Solvers.io project to predict gene expression from motif combinations in promoters

## Example data

`example_data/example_500rows.csv` is an example of the kind of data we can generate.

- There is an initial column, `AGI`, which contains the gene identifier. This is for information only - it can be discarded for the analysis.
- A final label column, `Value`, is dummy encoded*: either 1 or -1. 1 means the gene was expressed in a particular cell type, while -1 means it was not expressed.
- All the remaining columns are features (transcription factor binding motifs) that exist in the promoter of one or more genes. These are binary: 1 indicates the feature was present, 0 indicates it was absent.

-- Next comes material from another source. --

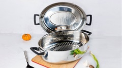 Cocina tu pavo sobre la estufa y prepara verdaderos banquetes para compartir en familia, en cualquier época del año. Fabricada con acero inoxidable grado quirúrgico y con garantía limitada de 50 años. Puedes usarla en el horno o sobre la estufa. Dimensión: 18” x 13” / 46 cm x 33 cm.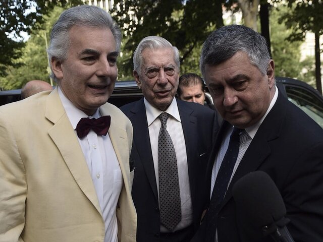 El escritor peruano llegó al Foro Atlántico que se celebra en Madrid acompañado de su hijo Álvaro. Esta es la primera vez que se ve a Mario Vargas Llosa con alguno de sus hijos luego que se confirmara su romance con Isabel Preysler. Según la prensa del corazón de España, Álvaro Vargas sería el único que apoya al escritor y estaría actuando de "mediador" entre el premio Nobel y su madre Patricia Llosa.

\* *note: we can also provide scalar values rather than dummy encoding.*

## Full datasets

One dataset is provided for now. We can generate many such datasets if needed.

1. https://www.dropbox.com/s/ghb7w0nh0xqg0qh/A_thaliana_motifs_guard_cell_expression.csv

## The challenge

We want to be able to:

1. Predict whether a gene will be expressed in a particular condition given its promoter sequence
2. Find out exactly which combinations of motifs are important in the predictions

or to rephrase without the biology:

1. Predict the `Value` given the feature columns.
2. Identify which features are important in the predictions.